**Dataset extract**

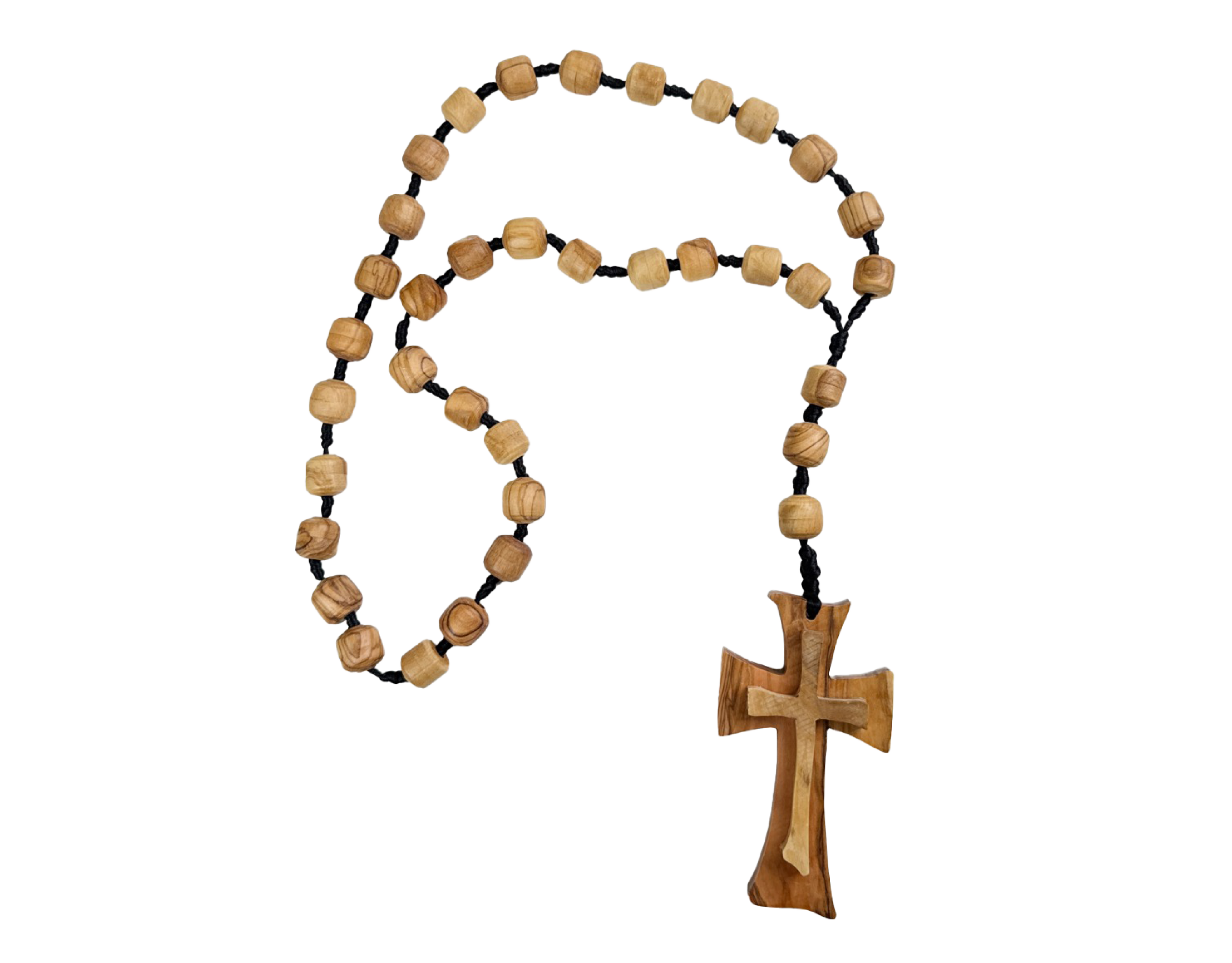 مسبحة حائط دينية مصنوعة يدويًا من خشب الزيتون الطبيعي، تتكوّن من 33 خرزة مصقولة بعناية، ومجمّعة بخيط متين ينتهي بـ صليب من خشب الزيتون يحمل عروق الخشب الأصلية وتدرجاته الدافئة.
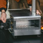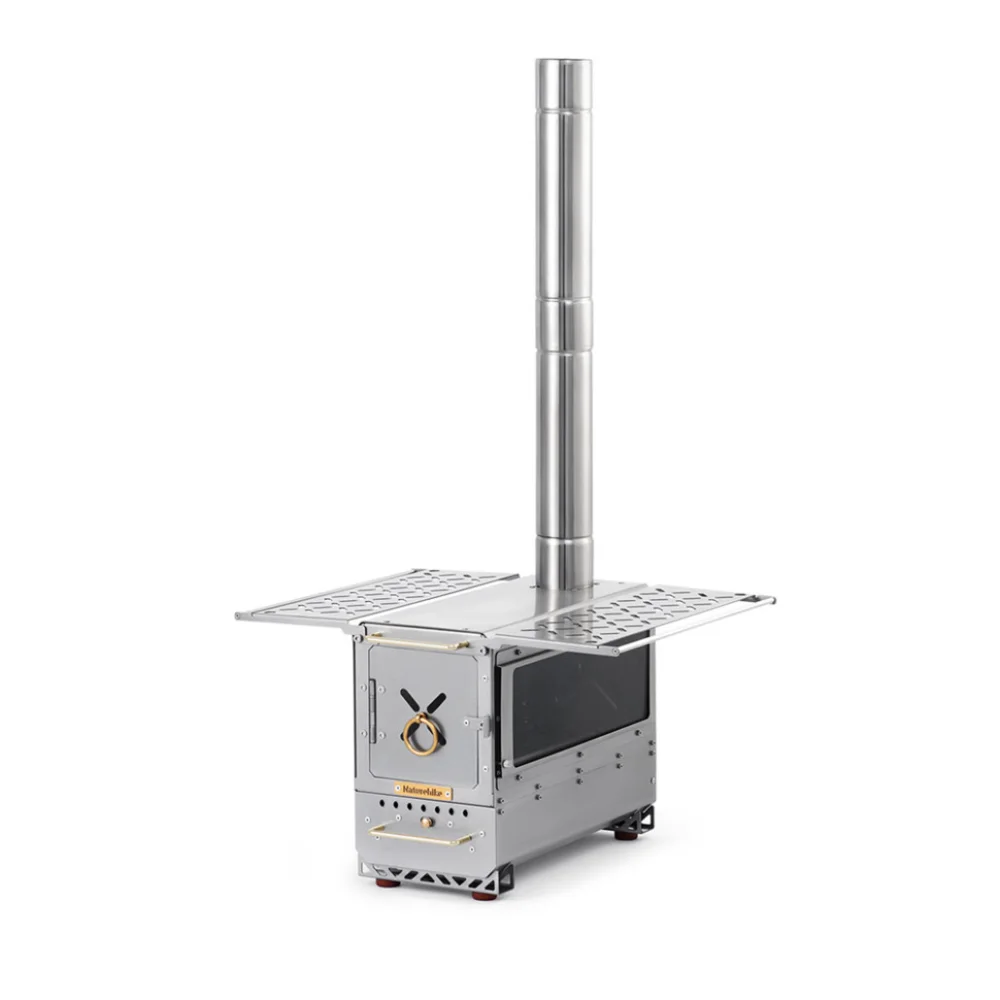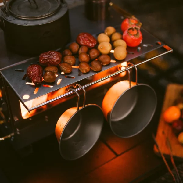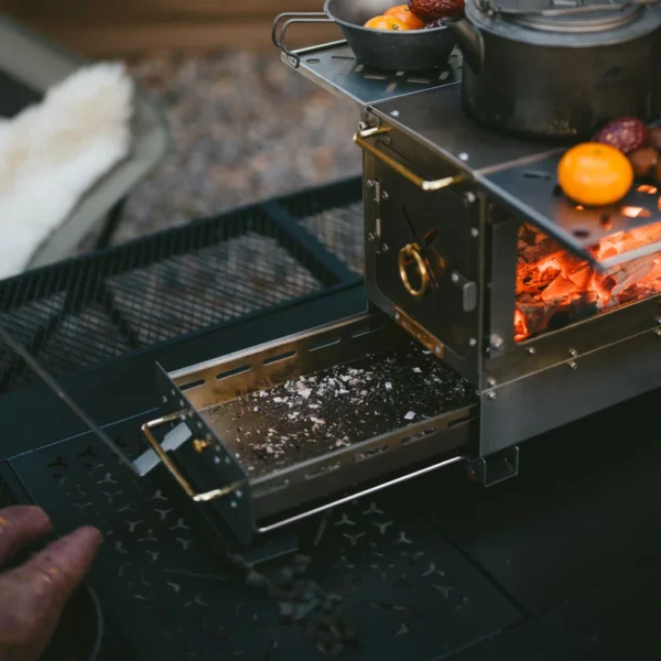 Для работы печи используются дрова, которые закладываются через боковую дверцу с ручкой-кольцом. На двух складных подставках легко разместить туристическую посуду или пищевые продукты. Таким образом, вы можете одновременно кипятить воду, готовить горячие блюда и запекать овощи. Импровизированные ручки на подставках позволяют подвешивать мелкие принадлежности, добавляя удобства во время приготовления и позволяя держать все необходимое под рукой.
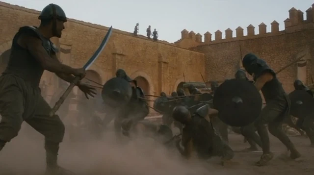 Sin los Inmaculados, Astapor estaba indefensa; sus paredes eran viejas y en ruinas, sin guardias en las torres. Incluso un modesto khalasar Dothraki probablemente podría haber tomado la ciudad, pero ninguno lo había intentado alguna vez a causa de los Inmaculados[2] y, al parecer, nadie pensó que era una mala idea dar el control de la totalidad de sus mejores soldados a un comprador tan ambicioso como la la reina guerrera dentro de sus muros.
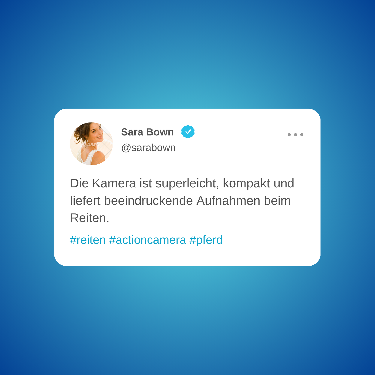 Die GoMotion™ Kamera nimmt in HD-Qualität auf, sodass du gestochen scharfe Videos von deinen Ausritten und Pferdeabenteuern erstellen kannst.
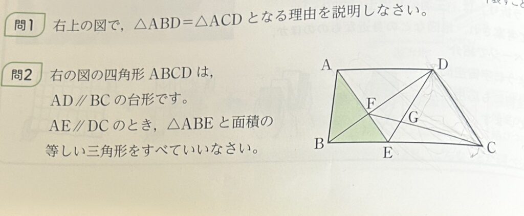 内容は、中学生の定期テストや入試でもよく出てくる 「等積変形」の図形問題です。
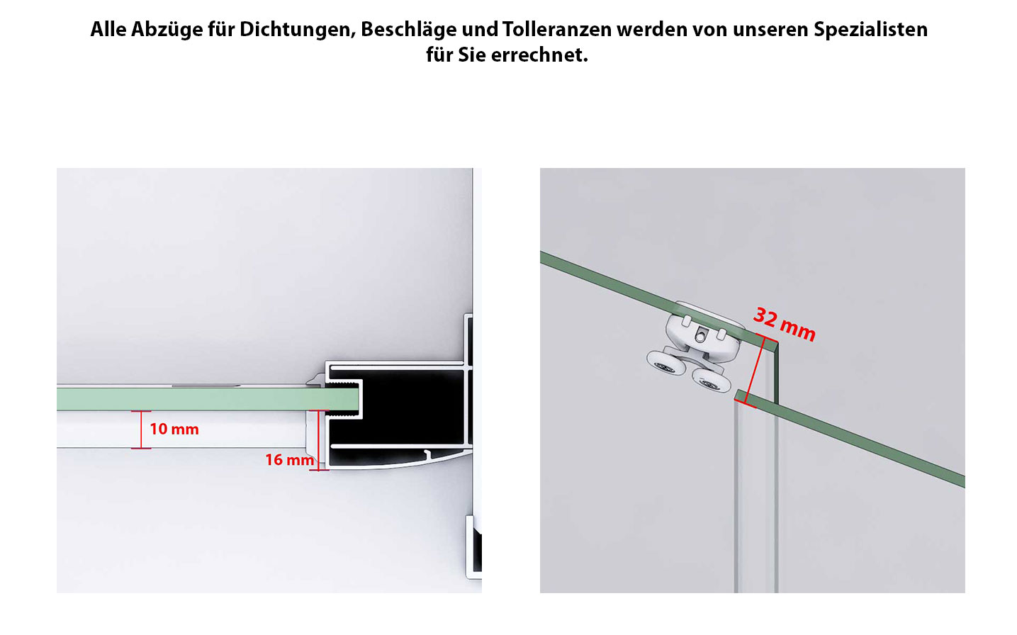 Unsere Experten haben jahrelange Erfahrung im Umgang mit Maßanfertigungen und werden sicherstellen, dass alles perfekt passt. Mit präzisen Anleitungen und Unterstützung bei jedem Schritt werden wir sicherstellen, dass Ihre Duschabtrennung perfekt zu Ihrem Raum passt.
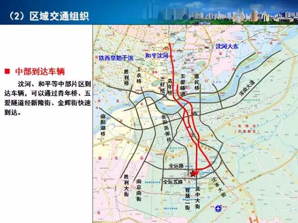 沈河、和平等中部片區(qū)到達(dá)車輛,可以通過青年橋、五愛隧道經(jīng)新隆街、金輝街快速到達(dá)。
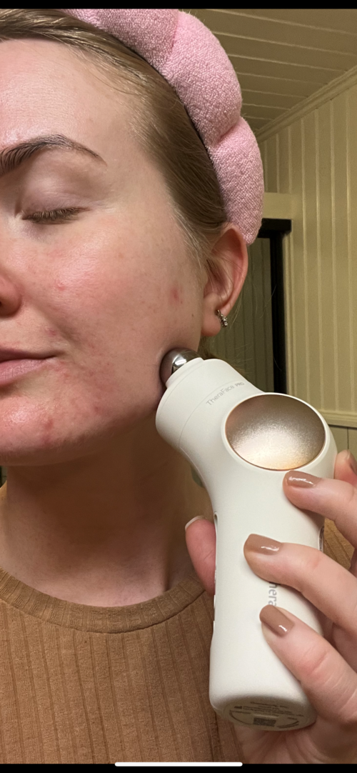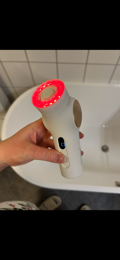 Min hud er varierende utifra både årstid og temperatur, så her kom min lille redning. På sommeren er den typisk fet, blir noe lett solbrent, men alltid en fin farge ved SPF. Vinteren er den mer kombinert mellom fet og tørr, hvor jeg er ekstra nøye med å peele huden og tilføye fukt. Dette herlige produktet kom i en hard eske, pent pakket som en slags gave. Esken er firkantet. Oppi denne esken lå alt du trenger for en magisk opplevelse av et produkt. Det medfølger følgende: - mikrostrømterapi ( enheten med to metallkuler ) - lysterapi, både infrarødt lys og mot foryngende behandling ( rund led-ring ) - rens/massasje ( peelingring ) - 3 forskjellige gummi-hetter - TheraOne Conductive Gel ( jeg brukte vaselin da denne ble tom med samme effekt ) - Toalettmappe/veske - Holde-enhet til apparaet - USB-A til USB-C ladekabel - og selvfølgelig det magiske apparaet i seg selv, TheraFace PRO Hver kveld setter jeg av drøye 5 minutter for en full kveldsrutine som fikk huden min til nye a-ha høyder! Jeg utmerket meg 3 favoritter raskt, microstrømterapi ( jeg brukte grad 2 av 3 ), led-ringen og den knudrede gummihetten. Personlig følte jeg ingen glede over peeling-ringen, da den ikke laget sirkulære bevegelser, men mer enn slags mild "during/massasje" over ansiktet. De to andre hettene ( spiss og flat gummi-ring ) er spesielt utviklet for en dypere rens av f.eks dyp akne eller dypere linjer som krever mer fokus enn en flat ring. Jeg har en relativt aknefri hud, som ei heller har vært utsatt for større akneutbrudd som har resultert i arr eller dype linjer, jeg er derimot svært positiv til å bruke den spisse gimmihetten for disse områdene. Ved bruk av led-ringen ble setting nr 1 og 3 mine favoritter, de har fokus på fine linjer, samt kombinert varmeterapi. Jeg setter alltid på den knudrede hetten, da led-ringen krever en viss avstand fra hud til led-ring, ledlyset reduseres for egen sikkerhet mtp effekt og skadeområde. Du vil IKKE brenne deg under varmeterapien på innstilling nr 3. Jeg brukte samtidig massasjeeffekten ( den lille massasjeknotten, IKKE peelingringen ), sammen med led-ringen, for en dypere hudpleierutine. Jeg tok 3 runder på hver side ( èn runde er på 15. sekunder. ) Etter hvert 15. sekund vil apparatet gi fra seg et lite pip, som minner deg på å bytte side og ha kontroll over timingen på behandlingen. Ved bruk av mikrostrøm ( jeg brukte grad 2 av 3 ), følte jeg en umiddelbar glød og løft i ansiktet. Jeg ble litt rød, noe som vil si at huden har satt i gang sin naturlige blodsirkulasjon. Du vil trolig føle at huden prikker litt, for meg har dette bare vært positivt og gir meg god fortrolighet til apparatets hensikt. ( Det føles ut som lett lugging. ) Derimot ble jeg noe skuffet over peelingringen, jeg savnet at denne ikke spinnet/snurret rundt, men kun duret/vibrerte. Her kan du velge mellom 1-3, der 1 er mykest/lavest, og 3 er høyest. Apparatet har LANG levetid, og jeg har enda ikke ladet den opp på nytt etter 1 mnd. I den medfølgende mappen får alt plass, foruten den hendige holderen som gjør at apparatet står stødig på baderomsbenken uten at den glir, som følge av et anti-skli belegg under "foten". Ringene som medfølger har et magnet-feste som enkelt klikkes til apparatet. Under hver ring vil du se metallfester som enkelt plasseres over til et enkelt klikk. De 3 små gummiringene kan brukes med og uten led-ringen, eller kun alene om du ønsker et mer fokusert område der behandlingen er. Gelen som medfølger ble fort tom, jeg gikk da over til vaselin under strøm-behandlingen med svært god effekt. Det viktigste er at man får et jevn trykk og glid over ansiktet uten at det lugger eller "humper" bortover som kan medføre noe ubehag. Dagkremen tørket fort ut, og satte dermed igjen spor av hudkrem som hadde krøllet seg som må kuler i ansiktet. #LYKOINFLUTESTER & #THERABODY212 visninger - Brukerens rolle: Lyko Creator.Innlegget ble opprettet 1 årVurdering: 5 av 5Verifierad testare
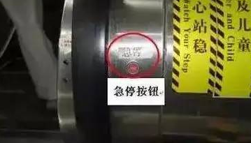 萬一乘坐電梯出事,你必須了解無論上的方向還是下的方向,手扶電梯的一側下方都有一個紅色的緊急停止按鈕。
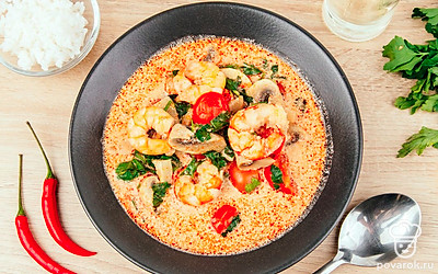 Том Ям — это традиционный суп тайской кухни. Как правило его готовят на основе куриного бульона, рыбы и морепродуктов с добавлением грибов, помидоров черри и риса. Еще неотъемлемым ингредиентом том-яма является кокосовое молоко. Поскольку существует много вариаций этого блюда, то иногда кокосовое молоко заменяют сливками или не добавляют вовсе. Неповторимый вкус и аромат супу придают азиатские пряности: листья лайма, острый перец, паста кимчи, имбирь, лемонграсс, а также свежий лайм и лимон.

**Exercise prompt**
Please copy the data above word for word, but only from the line that contains "萬一乘坐電梯出事,你必須了解" through the final line, both included, and without the pictures.

**Reply**
 萬一乘坐電梯出事,你必須了解無論上的方向還是下的方向,手扶電梯的一側下方都有一個紅色的緊急停止按鈕。
 Том Ям — это традиционный суп тайской кухни. Как правило его готовят на основе куриного бульона, рыбы и морепродуктов с добавлением грибов, помидоров черри и риса. Еще неотъемлемым ингредиентом том-яма является кокосовое молоко. Поскольку существует много вариаций этого блюда, то иногда кокосовое молоко заменяют сливками или не добавляют вовсе. Неповторимый вкус и аромат супу придают азиатские пряности: листья лайма, острый перец, паста кимчи, имбирь, лемонграсс, а также свежий лайм и лимон.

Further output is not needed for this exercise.